Koçyiğit iktidara seslendi: Failler ortada, gereğini yapın
Meclis'te gündeme ilişkin değerlendirmelerde bulunan DEM Parti Grup Başkanvekili Gülistan Kılıç Koçyiğit, Kartalkaya katliamına işaret ederek, iktidara, " Sorumluları net, Turizm Bakanlığı, Çevre ve Şehircilik İl Müdürlüğü, Bolu İl Özel İdaresi, otel işletmesi bu facianın, bu yangının birinci dereceden sorumlusu. Buyurun failler ortada, gereğini yapın" çağrısı yaptı.
Halkların Eşitlik ve Demokrasi Partisi (DEM Parti) Grup Başkanvekili Gülistan Kılıç Koçyiğit, Meclis'te düzenlediği basın toplantısında gündeme ilişkin değerlendirmelerde bulundu.

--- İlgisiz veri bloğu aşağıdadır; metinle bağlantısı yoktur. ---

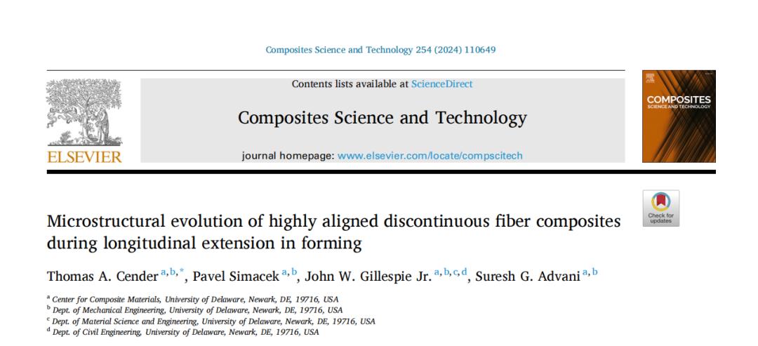 Cender, T. A., Simacek, P., Gillespie, J. W. Jr., & Advani, S. G. (2024). Microstructural evolution of highly aligned discontinuous fiber composites during longitudinal extension in forming. Composites Science and Technology, 254, 110649.

Kartalkaya katliamında yaşamını yitirenler için başsağlığı dileyerek sözlerine başlayan Koçyiğit, önlem alması gereken, insanı yaşatma sorumluluğu olan iktidarın hiçbir şekilde bu sorumluluğu yerine getirmediğini söyledi.

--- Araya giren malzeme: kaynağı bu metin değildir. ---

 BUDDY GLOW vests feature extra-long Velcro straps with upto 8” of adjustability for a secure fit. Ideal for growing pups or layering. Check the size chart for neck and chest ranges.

İktidarın politikasının temelinde insan yaşamı değil rant ve talanın yer aldığını vurgulayan Koçyiğit, "O anlamıyla Bolu'daki meseleyi sadece bir yangın olarak değil bir sistem krizi, yönetememe olarak görmek gerekiyor. Bu krizin müsebbibin de halkın yaşamını, güvenliğini, sağlığını hiçbir şekilde gözetmeyen iktidarın olduğunu söylememiz gerekiyor" dedi.

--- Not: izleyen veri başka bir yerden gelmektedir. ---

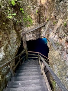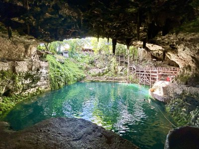 Picturesque cavern featuring a striking blue natural swimming hole & large stalactites.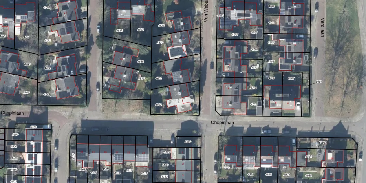 Het perceel waarop Von Weberlaan 1 staat heeft een oppervlakte van 430 m². Dit is een groot perceel. De perceeloppervlakte wordt geregistreerd door het Kadaster. Gedetailleerde informatie over de maten van dit perceel kunt u vinden in het rapport Kadastrale kaart met maatvoering van Von Weberlaan 1.
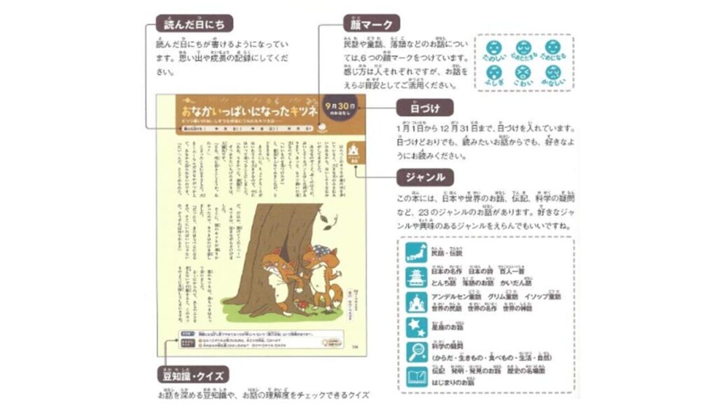 すべての漢字にふりがな付きだから、低学年の子でもスラスラ読めます。

'TEK ÖNCELİĞİ SERMAYE OLAN BİR SİSTEM İNŞA ETTİLER'
Oteli denetlemesi gereken Kültür ve Turizm Bakanlığı'nın oteli pazarlamakla meşgul olduğuna işaret eden Koçyiğit, şöyle devam etti: "Bir turizm otel zinciri sahibi nasıl bir kamu hizmeti olan Kültür ve Turizm Bakanı koltuğunda oturabilir? Halkın en temel hakkı olan sağlık hakkının yürütüldüğü Sağlık Bakanlığı'nın başına nasıl hastane patronları getirilebilir? En temel hak olan kamusal eğitimin başına nasıl okul sahipleri oturtulabilir? Oturtuldu bu ülkede. Sorun bu, çürüme buradan başlıyor. Devleti şirketleştiren, kamu hizmetlerini tasfiye eden, bütün kamunun çalışmalarını ve hizmetlerini bir yük olarak gören, halkı sırtında yük olarak gören, tek önceliği sermaye, patronlar, yandaşlar ve kendi kesesi olan bir çürümüş sistem inşa ettiler. Bu sistemin altında bütün toplum kalıyor, bütün insanlar bu sistemin altında inim inim inliyorlar, yaşamlarını yitiriyorlar."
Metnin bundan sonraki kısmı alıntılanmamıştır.